Secondly, Kernel swaps out unused pages to SWAP, relieving pressure from RAM. So, SWAP is often used even if you fill 1% of your RAM. This allows for more hot data to be cached, allowing better resource utilization and performance in the long run.

So, eff it, we ball is never a good system administration strategy. Even if everything is ephemeral and can be rebooted in three seconds.

Sure, some things like Kubernetes forces "no SWAP, period" policies because it kills pods when pressure exceeds some value, but for more traditional setups, it's still valuable.

replies(8): >>45662537 #>>45662599 #>>45662646 #>>45662687 #>>45663237 #>>45663354 #>>45664553 #>>45664705 #
db48x ◴[] No.45664705[source]
This is not really true of most SSDs. When Linux is really thrashing the swap it’ll be essentially unusable unless the disk is _really_ fast. Fast enough SSDs are available though. Note that when it’s really thrashing the swap the workload is 100% random 4KB reads and writes in equal quantities. Many SSDs have high read speeds and high write speeds but have much worse performance under mixed workloads.

I once used an Intel Optane drive as swap for a job that needed hundreds of gigabytes of ram (in a computer that maxed out at 64 gigs). The latency was so low that even while the task was running the machine was almost perfectly usable; in fact I could almost watch videos without dropping frames at the same time.

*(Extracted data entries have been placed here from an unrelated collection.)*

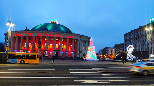 Заодно заехали в парк Янки Купалы, покормили там белок и ворон. А как включили освещение и соответственно все ёлки, так пошли гулять дальше.
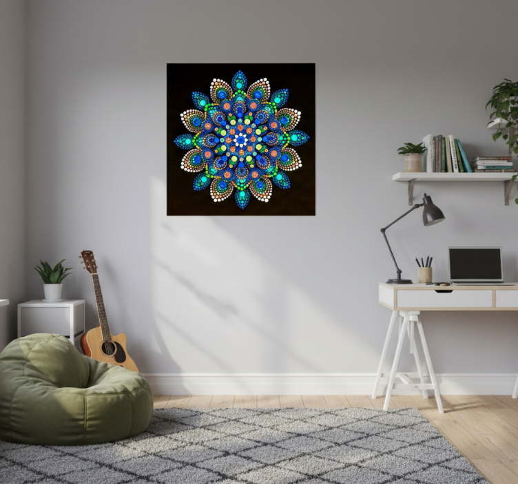 Das Poster Wohnzimmer Mandala bunte Punkte ist die perfekte Wahl, um Ihrem Wohnraum eine lebendige Note zu verleihen! Es zieht die Blicke auf sich und schafft eine einladende Atmosphäre, die sowohl für Entspannung als auch für kreative Inspiration sorgt. Die harmonische Kombination aus Mandala-Design und kräftigen Farben lässt sich ideal mit verschiedenen Einrichtungsstilen kombinieren, wodurch es ein unverzichtbares Element für jede Wohnung wird!
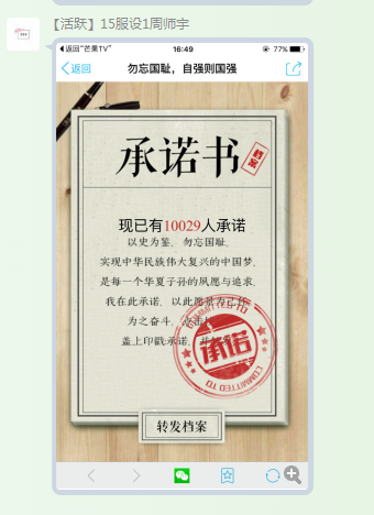 团委组织学生干部开展纪念国家公祭日线上活动 “我承诺,勿忘国耻,自强则国强” 12月13日是国家公祭日,虽然我们不能每个人都在公祭日这天到南京大屠杀纪念馆门前献上一支菊花,但是我们依然能够表达我们的哀思。让我们一起宣誓:以史为鉴,勿忘国耻!实现中华民族伟大复兴的中国梦是每一个华夏子孙的夙愿与追求,我在此承诺,以此愿景为己任,为之奋斗!
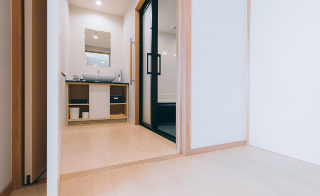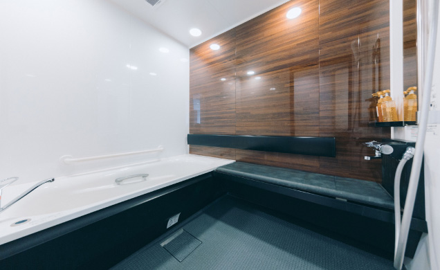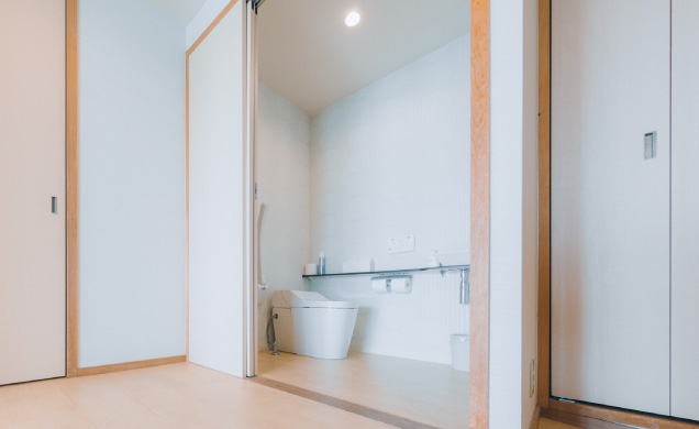 桜フロアの特別室内の1室は、車椅子のお客様にもご利用いただききやすい、導線やお風呂、トイレとなっております。
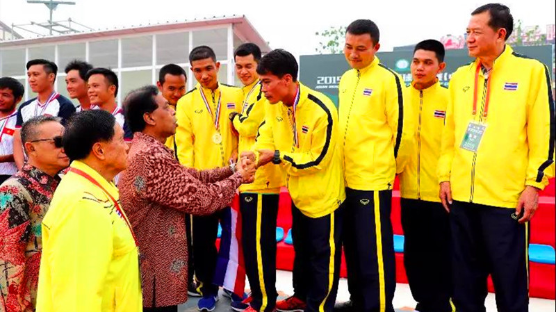 經(jīng)過4天的激烈角逐,最終泰國(guó)隊(duì)包攬了男子四人組、女子四人組、男子三人組、女子三人組冠軍,越南隊(duì)獲得男子三人組亞軍,中國(guó)二隊(duì)分別獲得女子四人組和女子三人組亞軍,男子四人組季軍為印尼隊(duì)和馬來(lái)西亞隊(duì),男子三人組季軍為印尼隊(duì)和印度隊(duì),女子四人組和三人組季軍均為中國(guó)一隊(duì)和印度隊(duì)。在頒獎(jiǎng)儀式,上國(guó)際藤球聯(lián)合會(huì)秘書長(zhǎng)、亞洲藤球聯(lián)合會(huì)主席拿督阿布都.哈利姆.卡德爾致辭,表示賽事舉辦得非常成功,并為賽事承辦單位及運(yùn)營(yíng)單位“青島西海岸新區(qū)教育和體育局”、“青島黃島發(fā)展(集團(tuán))有限公司”、“江蘇一鳴體育文化傳播有限公司”頒發(fā)了特別貢獻(xiàn)獎(jiǎng)榮譽(yù)證書。
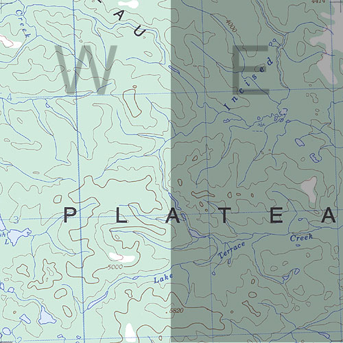 | The topo map image to the left is not an exact representation. The image is based on the 1:1,000,000 scale map of the Yukon Territory. The actual 1:250,000 and 1:50,000 scale maps have additional detail not shown at the 1:1,000,000 level. |

replies(3): >>45665615 #>>45668643 #>>45668647 #
ValdikSS ◴[] No.45668647{3}[source]
It's fixed since Kernel 6.1 + MGLRU, see above, or read this: https://notes.valdikss.org.ru/linux-for-old-pc-from-2007/en/...
replies(1): >>45670562 #
webstrand ◴[] No.45670562{4}[source]
Do you know how the le9 patch compares to mg_lru? The latter applies to all memory, not just files as far as I can tell. The former might still be useful in preventing eager OOM while still keeping executable file-backed pages in memory?
replies(1): >>45675774 #
1. ValdikSS ◴[] No.45675774{5}[source]
le9 is a 'simple' method to keep the fixed amount of the page cache. It works exceptionally well for what it is, but it requires manual tuning of the amount of cache in MB.

MGLRU is basically a smarter version of already existing eviction algorithm, with evicts (or keeps) both page cache and anon pages, and combined with min_ttl_ms it tries to keep current active page cache for a specified amount of time. It still takes into account swappiness and does not operate on a fixed amount of page cache, unlike le9.

Both are effective in trashing prevention, both are different. MGLRU, especially with higher min_ttl_ms, could cause OOM killer more frequently than you'd like it to be called. I find le9 more effective for desktop use on old low-end machines, but that's only because it just keeps the (large/er amounts of) page cache. It's not very preferable for embedded systems for example.